◆ DATA SHOWN
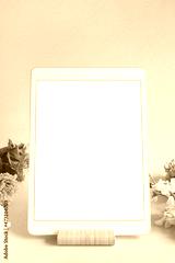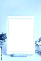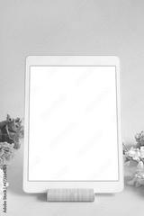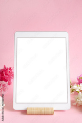 iPad pro tablet with white screen on pink color background flowers. Office design woman background
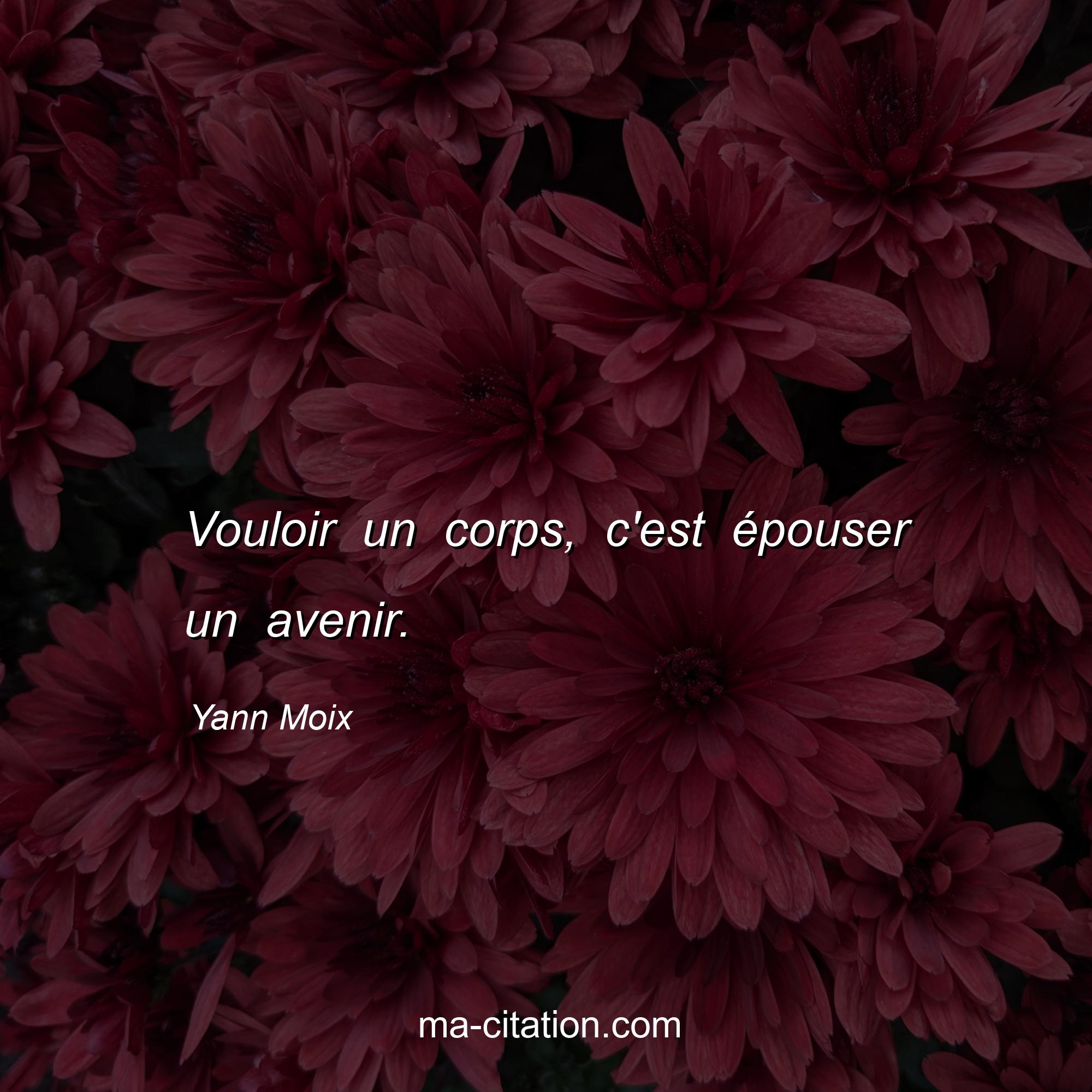 Citation sur la vie de Yann Moix :Vouloir un corps, c'est épouser un avenir.
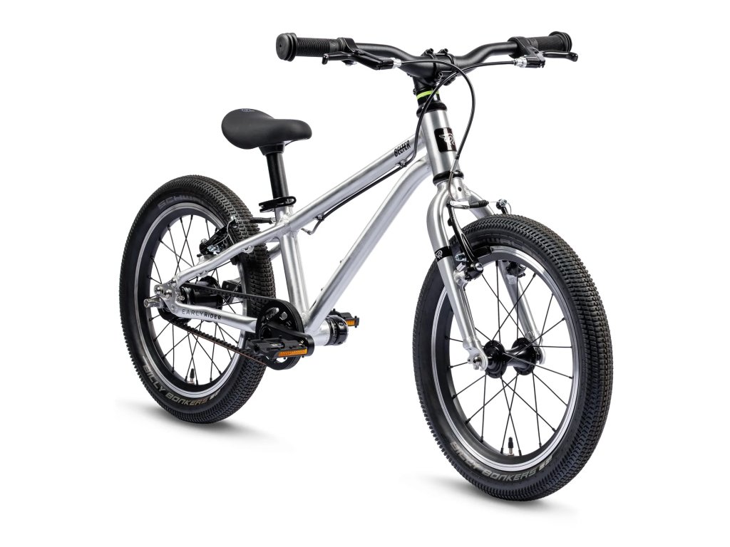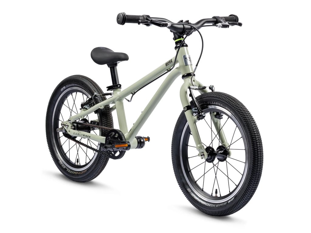 Early Rider Belter Auto 16 kombinuje lehký hliníkový rám se speciální dětskou geometrií pro vyšší stabilitu a agilní ovládání. Bezúdržbový 8mm řemenový pohon je spojen s automatickým 2rychlostním zadním nábojem Sturmey Archer, který zajišťuje plynulé řazení přizpůsobené tempu jezdce, bez nutnosti manuálního přehazování. Tohle kolo bude děti bavit.
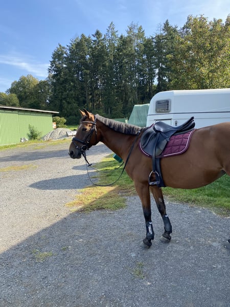 **Verkaufe deutsches Reitpferd – vielseitige Freizeitstute** Zum Verkauf steht eine charmante und gut ausgebildete deutsche Reitpferdestute, die durch ihre angenehme Art und ihr vielseitiges Können überzeugt. Geboren im Jahr 2010, präsentiert sie sich in einem schönen braunen Farbton und hat ein Stockmaß von 156 cm, was sie zu einer idealen Partnerin für Freizeit und entspannte Ausritte macht. Diese gut gerittene Stute ist bestens geeignet für Reiter, die Wert auf ein zuverlässiges und ausgeglichenes Pferd legen. Sie verfügt über eine solide Grundausbildung und zeigt sich im Umgang sowie im Gelände stets freundlich und gelassen. Dank ihrer angenehmen Größe ist sie sowohl für fortgeschrittene Freizeitreiter als auch für Einsteiger mit Erfahrung eine hervorragende Wahl. Ob für gemütliche Ausritte in der Natur, entspannte Dressurmäßiege Arbeit oder die tägliche Arbeit im Gelände – diese braune Reitstute überzeugt durch ihre Ruhe, ihren Charme und ihre Bereitschaft, den Reiter auf jeder Tour zu begleiten. Sie ist gesund, gepflegt und freut sich auf eine neue, liebevolle Familie. Ich wünsche mir für sie, eine nette junge Familie, gerne wo sie Kinder glücklich machen kann. Bei Interesse oder für weitere Informationen stehe ich gerne zur Verfügung. Eine Besichtigung und Proberitte sind nach Absprache möglich.

◆ EXERCISE DESCRIPTION
Skip every picture and return the lines above from the top through the one that contains "Early Rider Belter".

◆ SOLUTION TO THE EXERCISE
 iPad pro tablet with white screen on pink color background flowers. Office design woman background
 Citation sur la vie de Yann Moix :Vouloir un corps, c'est épouser un avenir.
 Early Rider Belter Auto 16 kombinuje lehký hliníkový rám se speciální dětskou geometrií pro vyšší stabilitu a agilní ovládání. Bezúdržbový 8mm řemenový pohon je spojen s automatickým 2rychlostním zadním nábojem Sturmey Archer, který zajišťuje plynulé řazení přizpůsobené tempu jezdce, bez nutnosti manuálního přehazování. Tohle kolo bude děti bavit.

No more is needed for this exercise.